Recorded data:
-- -- --
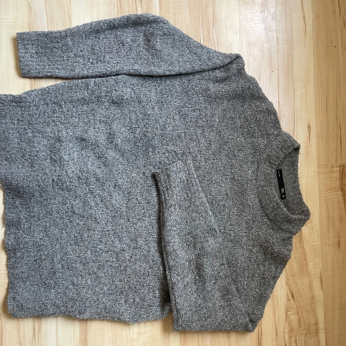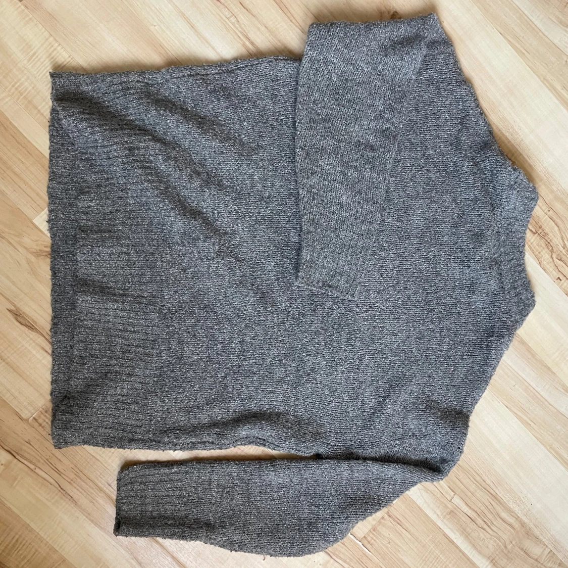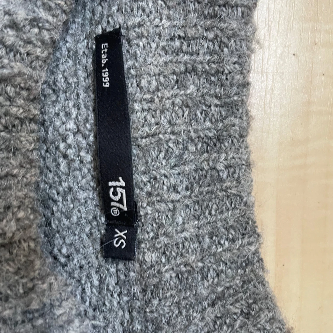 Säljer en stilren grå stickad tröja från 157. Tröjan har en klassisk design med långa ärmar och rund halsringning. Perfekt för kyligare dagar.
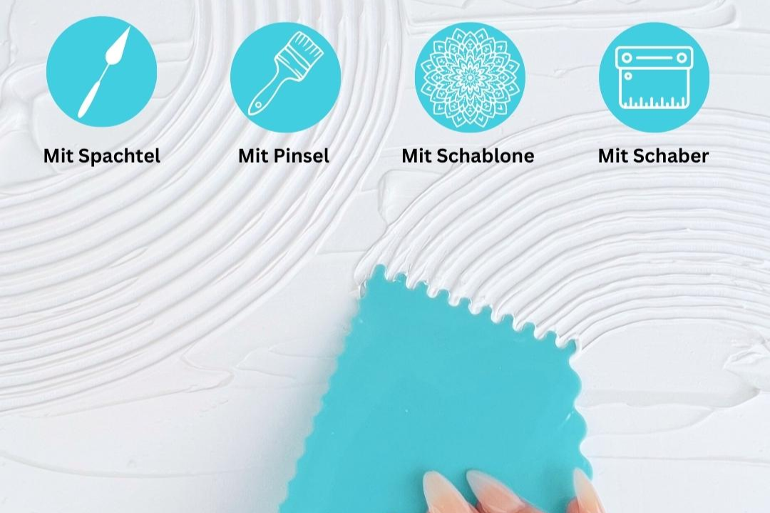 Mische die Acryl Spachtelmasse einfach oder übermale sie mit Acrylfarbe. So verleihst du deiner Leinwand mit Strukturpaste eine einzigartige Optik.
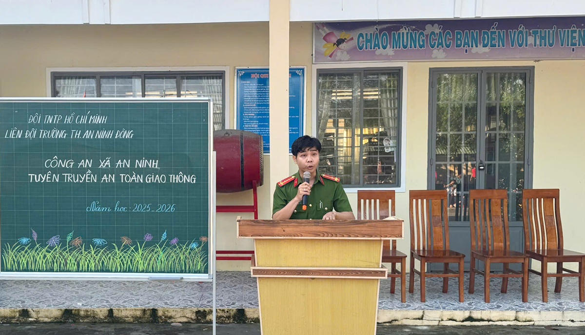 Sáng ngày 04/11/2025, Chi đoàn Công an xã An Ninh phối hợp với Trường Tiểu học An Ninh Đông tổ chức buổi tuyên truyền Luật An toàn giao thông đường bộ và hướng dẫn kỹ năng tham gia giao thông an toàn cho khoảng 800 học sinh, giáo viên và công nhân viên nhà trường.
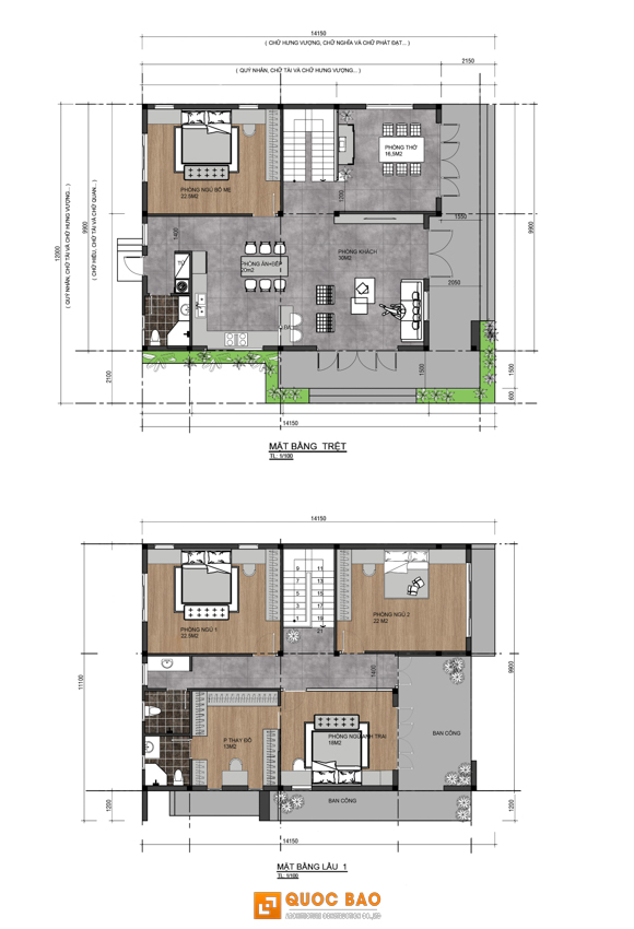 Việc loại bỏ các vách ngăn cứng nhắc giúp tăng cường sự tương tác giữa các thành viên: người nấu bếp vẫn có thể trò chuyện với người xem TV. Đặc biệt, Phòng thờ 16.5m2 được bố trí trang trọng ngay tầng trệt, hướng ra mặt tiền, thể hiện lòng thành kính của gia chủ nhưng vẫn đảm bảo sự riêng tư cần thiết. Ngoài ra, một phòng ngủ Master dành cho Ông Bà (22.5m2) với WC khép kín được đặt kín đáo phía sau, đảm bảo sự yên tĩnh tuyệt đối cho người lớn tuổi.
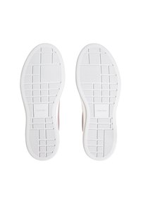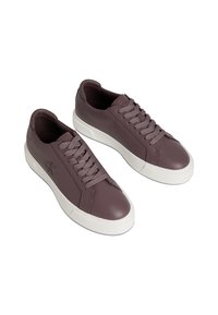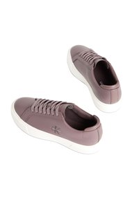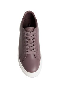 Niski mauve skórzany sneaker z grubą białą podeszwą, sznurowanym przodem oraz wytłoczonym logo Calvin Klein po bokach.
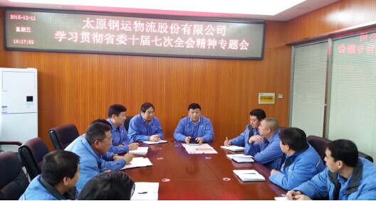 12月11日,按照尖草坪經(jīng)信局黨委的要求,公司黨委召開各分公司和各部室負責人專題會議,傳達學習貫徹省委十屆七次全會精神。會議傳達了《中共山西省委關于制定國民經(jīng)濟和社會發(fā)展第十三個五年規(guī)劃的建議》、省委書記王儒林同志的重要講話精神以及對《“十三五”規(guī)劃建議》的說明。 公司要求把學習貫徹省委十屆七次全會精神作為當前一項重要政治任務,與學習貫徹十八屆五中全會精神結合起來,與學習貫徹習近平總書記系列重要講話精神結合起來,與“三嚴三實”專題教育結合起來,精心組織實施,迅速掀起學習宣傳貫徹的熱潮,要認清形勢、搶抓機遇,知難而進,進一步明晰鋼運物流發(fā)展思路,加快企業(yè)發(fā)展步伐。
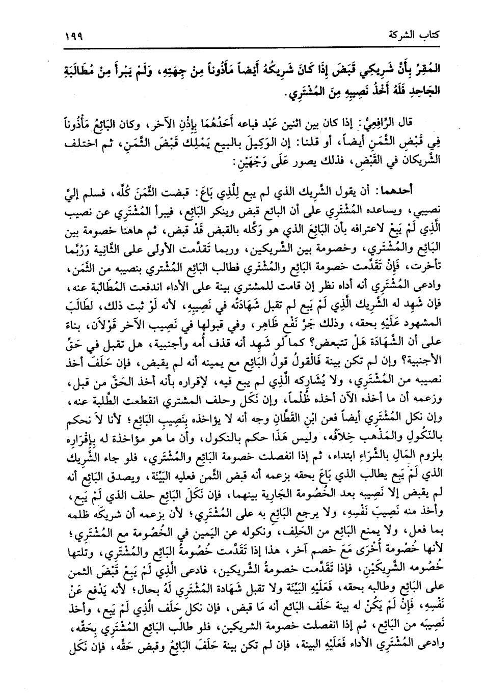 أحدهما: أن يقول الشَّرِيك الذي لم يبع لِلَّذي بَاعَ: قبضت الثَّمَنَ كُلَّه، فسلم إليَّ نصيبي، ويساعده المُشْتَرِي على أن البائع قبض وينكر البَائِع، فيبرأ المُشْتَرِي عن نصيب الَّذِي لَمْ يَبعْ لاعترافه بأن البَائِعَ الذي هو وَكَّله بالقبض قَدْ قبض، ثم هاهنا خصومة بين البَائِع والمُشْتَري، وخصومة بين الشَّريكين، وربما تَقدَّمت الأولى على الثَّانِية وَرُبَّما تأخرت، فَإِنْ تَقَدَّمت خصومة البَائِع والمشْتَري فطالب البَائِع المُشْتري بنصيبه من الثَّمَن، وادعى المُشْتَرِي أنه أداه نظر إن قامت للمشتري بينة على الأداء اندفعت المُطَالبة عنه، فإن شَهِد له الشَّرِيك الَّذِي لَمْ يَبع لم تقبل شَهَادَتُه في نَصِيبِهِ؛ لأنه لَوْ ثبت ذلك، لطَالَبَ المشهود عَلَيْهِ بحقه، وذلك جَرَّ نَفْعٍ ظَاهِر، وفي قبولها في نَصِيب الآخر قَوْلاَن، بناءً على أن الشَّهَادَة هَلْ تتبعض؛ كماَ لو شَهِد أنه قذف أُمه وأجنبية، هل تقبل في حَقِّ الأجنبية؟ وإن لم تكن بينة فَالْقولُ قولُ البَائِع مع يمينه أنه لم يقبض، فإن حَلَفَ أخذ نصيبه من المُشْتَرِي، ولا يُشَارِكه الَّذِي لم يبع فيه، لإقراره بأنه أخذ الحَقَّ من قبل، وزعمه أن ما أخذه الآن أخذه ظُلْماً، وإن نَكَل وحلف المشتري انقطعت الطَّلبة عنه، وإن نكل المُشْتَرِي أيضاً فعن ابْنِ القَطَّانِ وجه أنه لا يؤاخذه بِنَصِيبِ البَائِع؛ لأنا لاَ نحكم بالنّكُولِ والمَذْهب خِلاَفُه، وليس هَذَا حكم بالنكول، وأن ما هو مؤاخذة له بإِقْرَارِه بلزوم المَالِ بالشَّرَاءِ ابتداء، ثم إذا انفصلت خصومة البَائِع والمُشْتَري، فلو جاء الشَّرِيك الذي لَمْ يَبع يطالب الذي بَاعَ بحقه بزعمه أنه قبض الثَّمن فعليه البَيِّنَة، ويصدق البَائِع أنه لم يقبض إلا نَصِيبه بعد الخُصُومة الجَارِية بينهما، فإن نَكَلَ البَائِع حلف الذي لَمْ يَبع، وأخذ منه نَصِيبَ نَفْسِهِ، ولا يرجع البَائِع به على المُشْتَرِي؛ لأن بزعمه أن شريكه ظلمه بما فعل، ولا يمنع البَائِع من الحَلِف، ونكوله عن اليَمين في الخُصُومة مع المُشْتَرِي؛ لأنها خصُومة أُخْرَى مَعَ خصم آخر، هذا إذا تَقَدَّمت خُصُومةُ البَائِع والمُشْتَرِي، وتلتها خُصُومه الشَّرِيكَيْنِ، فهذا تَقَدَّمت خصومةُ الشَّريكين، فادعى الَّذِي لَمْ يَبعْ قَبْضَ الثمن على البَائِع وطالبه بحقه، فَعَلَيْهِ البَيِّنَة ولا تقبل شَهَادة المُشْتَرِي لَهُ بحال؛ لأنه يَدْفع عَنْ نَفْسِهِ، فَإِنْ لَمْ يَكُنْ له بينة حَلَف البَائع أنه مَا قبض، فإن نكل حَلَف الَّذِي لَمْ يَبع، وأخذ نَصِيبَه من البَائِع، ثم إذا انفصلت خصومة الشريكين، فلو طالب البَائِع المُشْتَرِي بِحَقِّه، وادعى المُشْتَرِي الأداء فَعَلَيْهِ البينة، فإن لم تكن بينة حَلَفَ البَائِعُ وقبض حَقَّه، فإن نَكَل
-- -- --
Problem to solve ->
Would you transcribe the lines above exactly, going from the line bearing "Mische die Acryl" through the line bearing "Việc loại bỏ", and drop the pictures from the copy?

Reply ->
 Mische die Acryl Spachtelmasse einfach oder übermale sie mit Acrylfarbe. So verleihst du deiner Leinwand mit Strukturpaste eine einzigartige Optik.
 Sáng ngày 04/11/2025, Chi đoàn Công an xã An Ninh phối hợp với Trường Tiểu học An Ninh Đông tổ chức buổi tuyên truyền Luật An toàn giao thông đường bộ và hướng dẫn kỹ năng tham gia giao thông an toàn cho khoảng 800 học sinh, giáo viên và công nhân viên nhà trường.
 Việc loại bỏ các vách ngăn cứng nhắc giúp tăng cường sự tương tác giữa các thành viên: người nấu bếp vẫn có thể trò chuyện với người xem TV. Đặc biệt, Phòng thờ 16.5m2 được bố trí trang trọng ngay tầng trệt, hướng ra mặt tiền, thể hiện lòng thành kính của gia chủ nhưng vẫn đảm bảo sự riêng tư cần thiết. Ngoài ra, một phòng ngủ Master dành cho Ông Bà (22.5m2) với WC khép kín được đặt kín đáo phía sau, đảm bảo sự yên tĩnh tuyệt đối cho người lớn tuổi.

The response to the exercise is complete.